Israel: bin Laden killing is triumph for democracies
JERUSALEM (Reuters) - Israeli Prime Minister Benjamin Netanyahu celebrated the killing of Osama bin Laden by U.S. forces on Sunday as a triumph for Washington and its allies in their "war on terror."
"This is a resounding triumph for justice, freedom and the values shared by all democratic nations fighting shoulder to shoulder in determination against terrorism," Netanyahu said in a statement early on Monday.
He later spoke to U.S. President Barack Obama in a phone conversation, a statement from Netanyahu's office said, and "praised the United States on behalf of Israeli citizens for the successful mission and the killing of Osama bin Laden."
The statement said Netanyahu told Obama the action "sent a message of the United States's determination to fight terrorism." It added that "Obama thanked Netanyahu and clarified the United States's commitment to the war on terror."
Foreign Minister Avigdor Lieberman said Israel, which has cast its own struggle with Palestinian and Lebanese militants as an extension of the U.S.-led campaign against al Qaeda worldwide, gained from bin Laden's death.

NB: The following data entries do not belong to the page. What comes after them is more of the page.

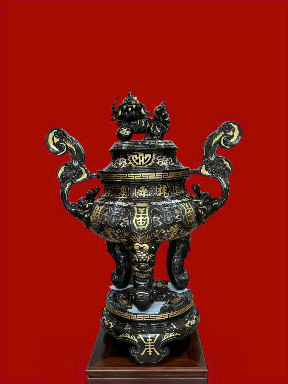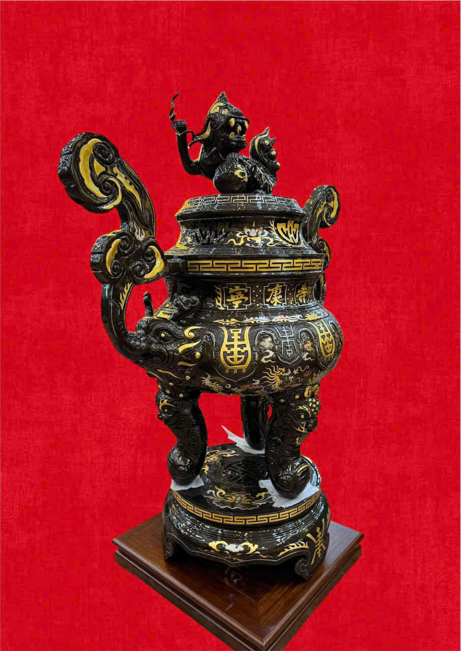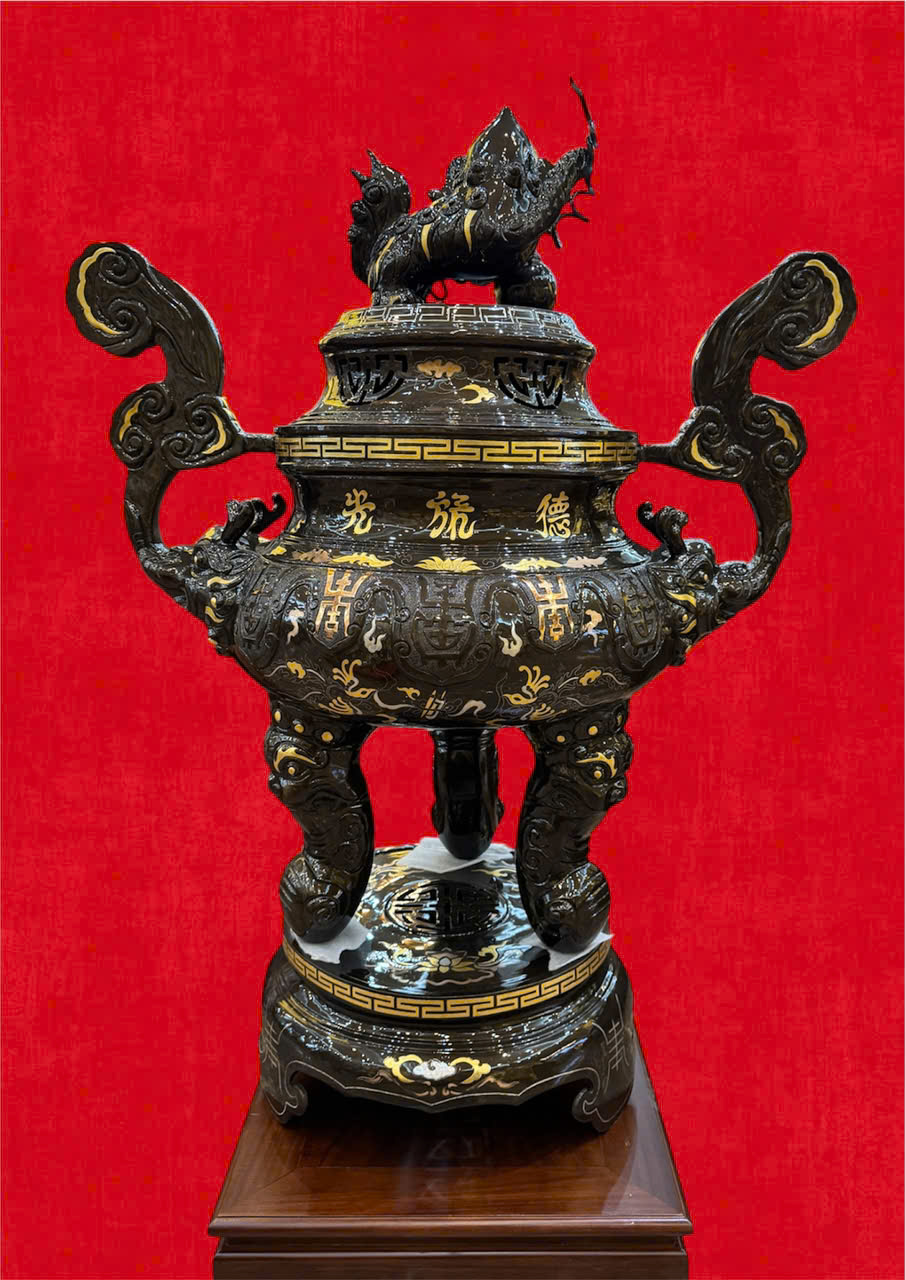 HOÀN THIỆN ĐỈNH TAI MÂY 1M17 KHẢM DÁT ĐIỂM VÀNG ĐỒNG ĐỎ CAO CẤP
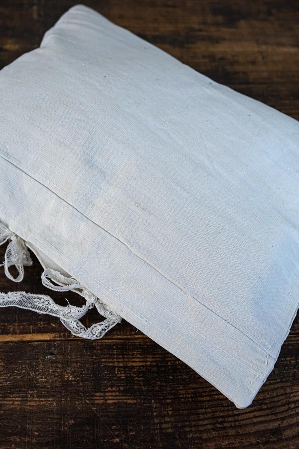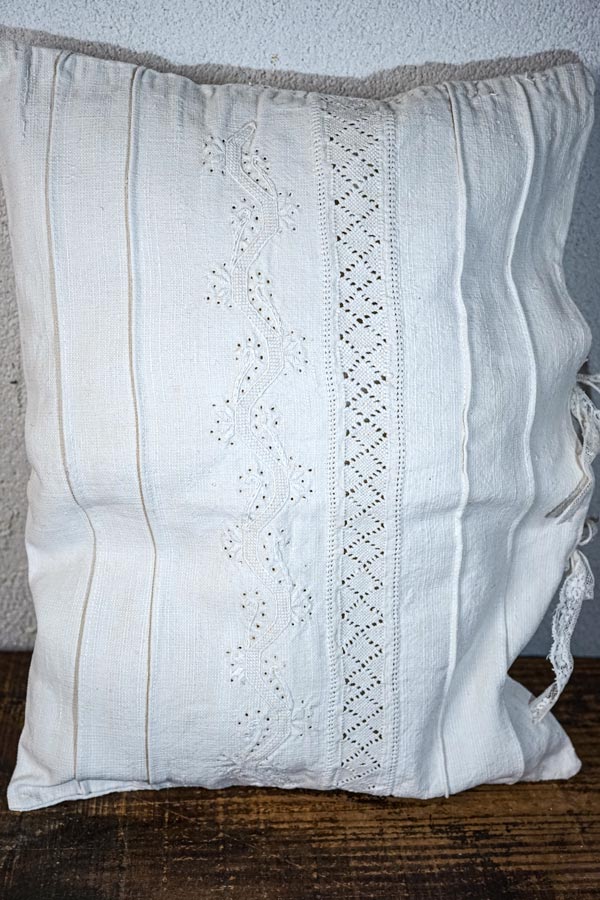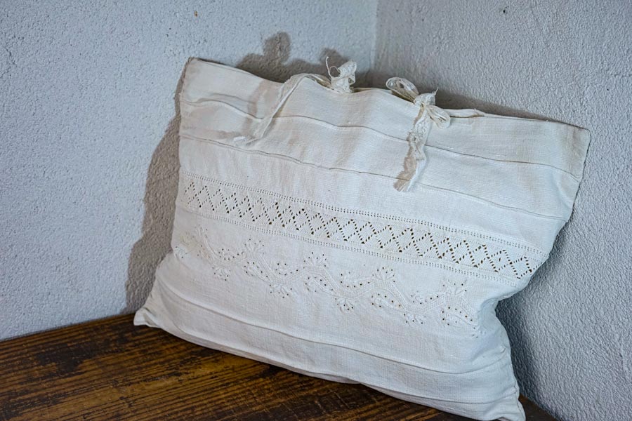 手織りリネンにカットワーク刺繍のクッションカバー
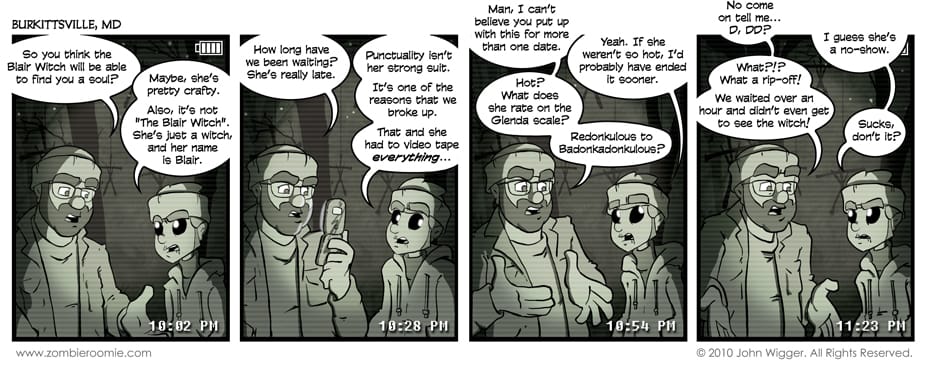 I remember when "The Blair Witch Project" came out and the hype created such a demand to see the flick that it was sold out for weeks around here. Around my cousin's wedding several of us tried going to see it and we went to something like five or six theaters in an evening and every single showing was sold out. I eventually saw it on a date and the audience was not happy with the ending. I recall one guy yelling, "Aw come on, that's bullshit!" It would seem that the witch has bought into the hype and has begun recording everything... including John and George for today's strip. Queue some up the nose shot of someone crying and we've got a movie~!
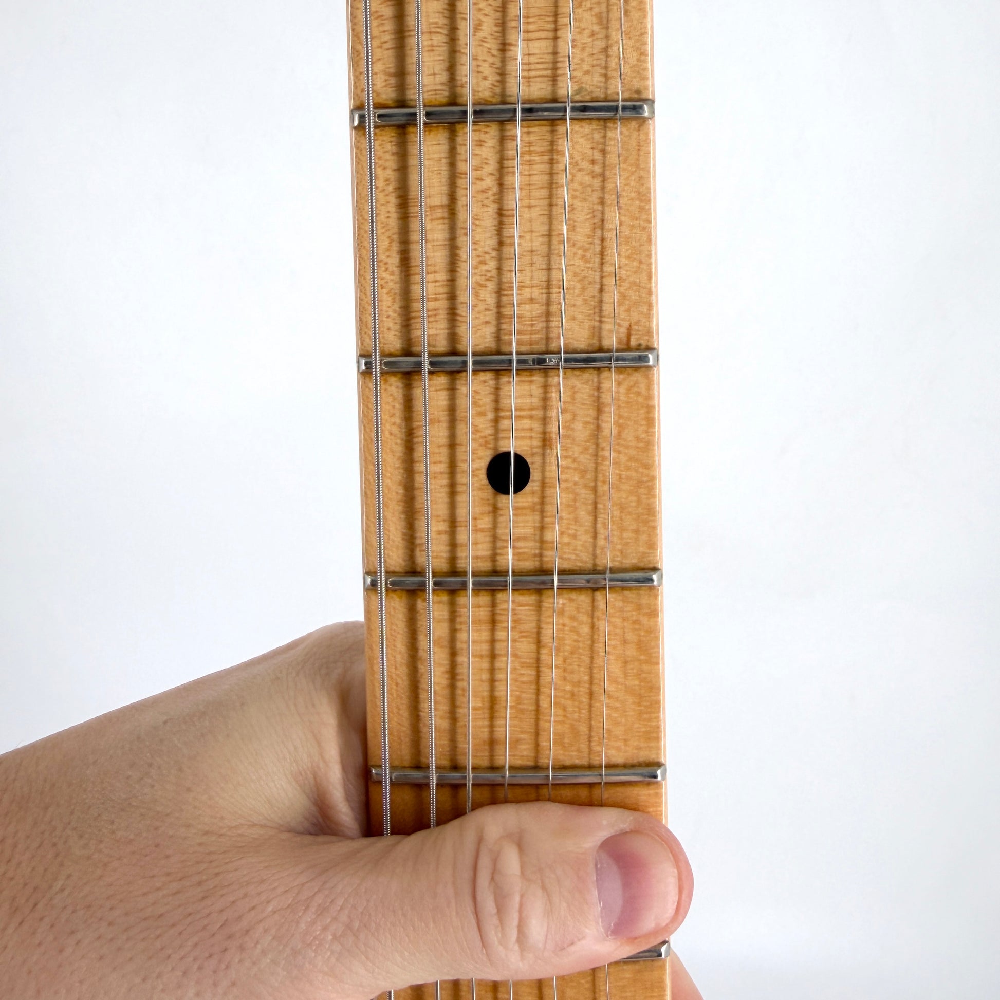 It features an Alder hollow body with a comfortable 63 strat style C profile, rift-sawn Maple neck, compound 9.5” radius fingerboard, Sanko 6105 frets, F-stamp tuners, tremolo bridge, limited edition backplate/headstock decals and black paisley pickguard. Tone-wise you get a trio of premium handwound single coil pickups - a Texas Special at the bridge, Fat 50s in the middle, and a '69 at the neck.

"Al Qaeda has ceaselessly tried to penetrate Gaza and Judea and Samaria (West Bank)," he told Israel's Army Radio, referring to the Palestinian territories. "His interception has operational significance for us, too."
Israel did not contribute to the American commando raid that killed bin Laden in Pakistan, and was informed of it half an hour before U.S. President Barack Obama made his official announcement on Sunday night, Lieberman said.
President Shimon Peres, Israel's elder statesman and a Nobel Peace Prize laureate, said bin Laden had "met his end at the gallows." Peres described the death as a lesson about the self-destructiveness of violent extremism.
"Look at all of the murderers, all of those dictators and terrorists. They end up murdering themselves -- the real verdict of history, which to my regret takes a lot of time and exacts a lot of victims," he told Israel Radio."